• **Work required**: Once you find the line with "32 | 34 | 34 |" in the entries below, return exactly every line from it through the line with "Конверт на 3".

• **Data to process**:
= Beginning of Section =
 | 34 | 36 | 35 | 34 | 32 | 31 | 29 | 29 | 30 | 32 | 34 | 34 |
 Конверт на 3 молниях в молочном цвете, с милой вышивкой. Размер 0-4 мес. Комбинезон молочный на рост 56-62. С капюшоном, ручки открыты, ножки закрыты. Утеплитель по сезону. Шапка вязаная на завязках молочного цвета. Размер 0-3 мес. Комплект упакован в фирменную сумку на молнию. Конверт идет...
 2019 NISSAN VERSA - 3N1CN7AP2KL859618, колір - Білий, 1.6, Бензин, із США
= End of Section =
= Beginning of Section =
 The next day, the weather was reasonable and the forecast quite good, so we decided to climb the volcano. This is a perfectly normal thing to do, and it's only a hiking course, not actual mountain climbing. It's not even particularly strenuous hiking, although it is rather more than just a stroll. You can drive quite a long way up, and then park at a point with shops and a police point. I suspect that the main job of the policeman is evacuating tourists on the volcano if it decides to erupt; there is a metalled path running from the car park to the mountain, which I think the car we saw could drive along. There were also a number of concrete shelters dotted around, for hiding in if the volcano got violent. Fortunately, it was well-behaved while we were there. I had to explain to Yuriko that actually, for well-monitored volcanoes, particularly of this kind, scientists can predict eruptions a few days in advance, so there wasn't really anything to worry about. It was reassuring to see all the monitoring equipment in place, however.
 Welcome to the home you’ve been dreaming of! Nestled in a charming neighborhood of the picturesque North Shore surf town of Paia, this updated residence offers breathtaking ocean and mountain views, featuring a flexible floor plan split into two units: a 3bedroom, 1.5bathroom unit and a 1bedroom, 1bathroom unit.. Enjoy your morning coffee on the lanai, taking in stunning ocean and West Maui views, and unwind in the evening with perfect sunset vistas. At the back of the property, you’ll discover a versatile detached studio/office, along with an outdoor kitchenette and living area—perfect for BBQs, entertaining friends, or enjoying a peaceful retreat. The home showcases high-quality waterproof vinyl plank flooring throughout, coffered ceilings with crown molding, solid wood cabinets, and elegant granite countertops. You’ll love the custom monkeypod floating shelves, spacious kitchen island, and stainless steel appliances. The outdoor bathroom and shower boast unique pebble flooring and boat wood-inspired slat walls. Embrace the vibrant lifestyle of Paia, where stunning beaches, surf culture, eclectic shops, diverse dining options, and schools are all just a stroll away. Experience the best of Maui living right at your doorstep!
= End of Section =
• **Answer to this exercise**:
 | 34 | 36 | 35 | 34 | 32 | 31 | 29 | 29 | 30 | 32 | 34 | 34 |
 Конверт на 3 молниях в молочном цвете, с милой вышивкой. Размер 0-4 мес. Комбинезон молочный на рост 56-62. С капюшоном, ручки открыты, ножки закрыты. Утеплитель по сезону. Шапка вязаная на завязках молочного цвета. Размер 0-3 мес. Комплект упакован в фирменную сумку на молнию. Конверт идет...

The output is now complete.